• _About this exercise_
For the entries that follow, restate word for word the line containing "そこで、段差を安全に納めるため 見切り材を取り付け、さらに 入口ドアを少し加工", the line containing "Металлический стеллаж BOOMHOUSE", and every line that lies between them.

• _Supplied material_
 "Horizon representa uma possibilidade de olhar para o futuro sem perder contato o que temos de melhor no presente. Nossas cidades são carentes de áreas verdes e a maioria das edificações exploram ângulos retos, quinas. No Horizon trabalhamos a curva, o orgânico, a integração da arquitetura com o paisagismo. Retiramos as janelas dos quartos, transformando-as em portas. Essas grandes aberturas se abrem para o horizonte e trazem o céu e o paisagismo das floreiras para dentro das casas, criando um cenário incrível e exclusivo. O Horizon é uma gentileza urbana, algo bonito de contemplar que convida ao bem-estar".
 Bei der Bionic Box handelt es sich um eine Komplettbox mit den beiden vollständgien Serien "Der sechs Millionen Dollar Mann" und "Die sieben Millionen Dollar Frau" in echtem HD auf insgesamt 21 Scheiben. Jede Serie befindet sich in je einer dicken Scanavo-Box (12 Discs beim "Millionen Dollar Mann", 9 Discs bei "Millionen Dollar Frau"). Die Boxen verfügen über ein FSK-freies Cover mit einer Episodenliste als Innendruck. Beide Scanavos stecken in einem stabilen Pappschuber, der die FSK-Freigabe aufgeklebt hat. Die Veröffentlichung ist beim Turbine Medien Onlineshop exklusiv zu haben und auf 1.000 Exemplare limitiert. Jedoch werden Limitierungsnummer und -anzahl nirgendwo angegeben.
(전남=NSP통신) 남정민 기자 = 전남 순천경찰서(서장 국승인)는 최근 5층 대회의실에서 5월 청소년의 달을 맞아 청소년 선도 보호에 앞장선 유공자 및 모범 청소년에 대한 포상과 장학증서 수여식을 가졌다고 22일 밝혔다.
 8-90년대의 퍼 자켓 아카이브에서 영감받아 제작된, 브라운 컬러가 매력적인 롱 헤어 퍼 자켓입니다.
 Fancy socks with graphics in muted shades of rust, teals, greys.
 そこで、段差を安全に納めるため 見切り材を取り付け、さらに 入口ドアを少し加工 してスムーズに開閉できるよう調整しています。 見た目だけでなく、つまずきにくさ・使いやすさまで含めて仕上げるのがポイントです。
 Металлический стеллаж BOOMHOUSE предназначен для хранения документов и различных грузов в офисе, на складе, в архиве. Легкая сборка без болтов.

==

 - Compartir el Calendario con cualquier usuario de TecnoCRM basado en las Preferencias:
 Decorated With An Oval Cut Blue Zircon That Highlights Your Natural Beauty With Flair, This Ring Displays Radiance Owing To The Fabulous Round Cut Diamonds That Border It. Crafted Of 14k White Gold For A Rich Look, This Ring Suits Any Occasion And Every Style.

• _Answer to this problem_
 そこで、段差を安全に納めるため 見切り材を取り付け、さらに 入口ドアを少し加工 してスムーズに開閉できるよう調整しています。 見た目だけでなく、つまずきにくさ・使いやすさまで含めて仕上げるのがポイントです。
 Металлический стеллаж BOOMHOUSE предназначен для хранения документов и различных грузов в офисе, на складе, в архиве. Легкая сборка без болтов.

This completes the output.